[PROBLEM DESCRIPTION] Word for word, restate the lines from the one containing "monstruo de gila" through the last line of the material, and include no pictures.

[PROVIDED RECORDS]
┌──
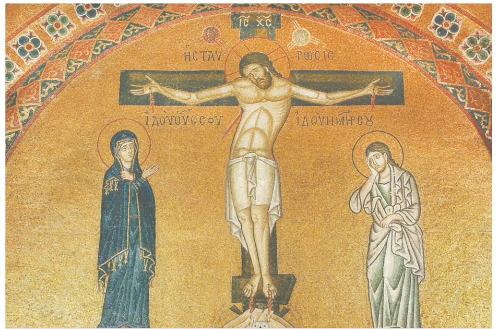
Мозаика Распятия Христова. Монастырь святого Луки (Осиос Лукас), Греция

Страстная среда, утро – читается отрывок о событиях, происшедших в среду утром в Иерусалимском храме, когда ко Христу приводят некоторых из языч-
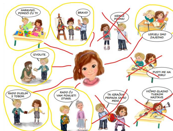
Slika 3. Rješenje 2. zadatka
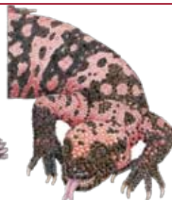
monstruo de gila
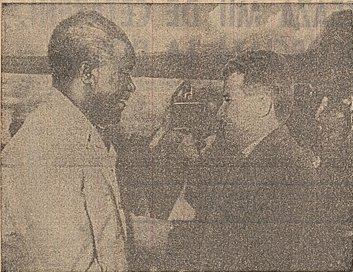
Imagine din ziua de 23 martie: Pe aeroportul din Lusaka, președintele Nicolae Ceaușescu și Kenneth Kaunda își string mâna cu căldură
└──
[TASK RESPONSE]
monstruo de gila
Imagine din ziua de 23 martie: Pe aeroportul din Lusaka, președintele Nicolae Ceaușescu și Kenneth Kaunda își string mâna cu căldură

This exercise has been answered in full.